The one case I find the current behavior especially compelling is if someone has modified a message to place in warning text/guidelines about usage/something similar.

The other option I thought would be correct is, if the thought is that locale specific messaging is more important than community inspired messaging, to oscillate back and forth between on-wiki and localization cache messages. IE: look in /pt-br on wiki then in CDB; then /pt on wiki then in CDB; /en on wiki then in CDB. This would require a bit of meta-data in the CDB saying what locale the message came from.

mwalker wrote:

(In reply to comment #6)

So you are breaking the interface for many people, and it will be "before the
weekend".

Siebrand and the most of the rest of the i18n team are not based in SF -- this decision was punted so that the correct response could be taken when the key team members are not asleep.

Its clearly broken and should be reverted asap.

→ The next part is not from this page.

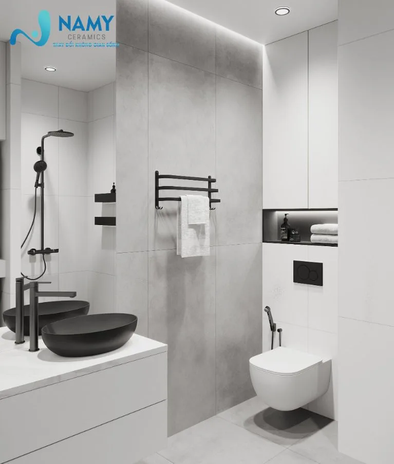 Khu vực nhà tắm và nhà vệ sinh là nơi thường tiếp xúc với nước, chất tẩy rửa, xà phòng, dầu gội,… Vì vậy việc chọn gạch nhám để lát nền là lựa chọn ưu tiên hàng đầu.

That depends on your definition of broken. Many people thought the old behaviour was broken as well. The fact that this is creating discussion is a good thing -- I followed WP:BOLD and now we require some consensus on what is the best path forward.

kwwilliams wrote:

I can understand your perspective, Matt, but the problem I'm finding is that the majority of the overrides on English Wikipedia are trivial. Why would changes like the ones seen at http://en.wikipedia.org/w/index.php?title=Special%3AAllMessages&prefix=rollback&filter=modified&lang=en&limit=500 warrant overriding a different language's interface? Some admin getting annoyed with the placement of a colon in English shouldn't change the interface in other languages.

(In reply to comment #8)

That depends on your definition of broken. Many people thought the old
behaviour was broken as well.

Breaking a long term norm (even if that itself is "broken") and the user interface for users is still breaking it and should be reverted till properly consensus can be archived on the correct path for moving forward.

mwalker wrote:

(In reply to comment #9)

The problem I'm finding is that the majority of the overrides on English
Wikipedia are trivial.

That's somewhat surprising to me; and then I'm surprised that I'm surprised :p However; the example you bring to the table raises my point quite well -- there's a template embedded in the 'rollback-success' message. The current method exposes that; the old method would not. Is this important? If not, is it trivial in all cases?

(In reply to comment #10)
It's a decent argument. How many users are affected by this though; clearly there are at least two. How many users are getting an improved experience from this; I don't know. How many readers are getting an improved experience from this -- potentially quite a few; especially if we go ahead and start respecting a readers browser requested locale by default and/or start using ULS more heavily. I personally think the benefits outweigh the drawbacks.

(In general)
I don't actually have deploy authority - so I could not, even if I wanted to, revert the change; the language team will make up it's mind when it wakes up in a couple of hours and then effect what they think to be the most appropriate change.

In the meantime; I will leave you with the three options I gave the language team when I wrote the patch (there could be more) -- Niklas, possibly without fully understanding the ramifications, recommended option C. The other two are just as technically feasible. I await your thoughts on what would be the most correct way forward.

  • Option A - Use the message cache fallback chain at the requested language

lookup on wiki for message
if no message:

lookup via cdb cache

if no message:

for each language:
  lookup on wiki for the message
  • Option B - Use message cache fallback chain only at the wiki source language

for each language:

lookup on wiki for the message
if no message and language is wgLanguageCode:
  lookup via cdb cache w/ original requested language
if message:
  break
  • option C - always prefer on wiki messages

for language:

get on wiki message

if no message

get message from cdb

My comments at the time:
"It seems to me that option B might be more correct because we will get every possible on wiki customization (up to the native language of the wiki), then every possible cached version (up to english), then any on wiki customization (from native language to english).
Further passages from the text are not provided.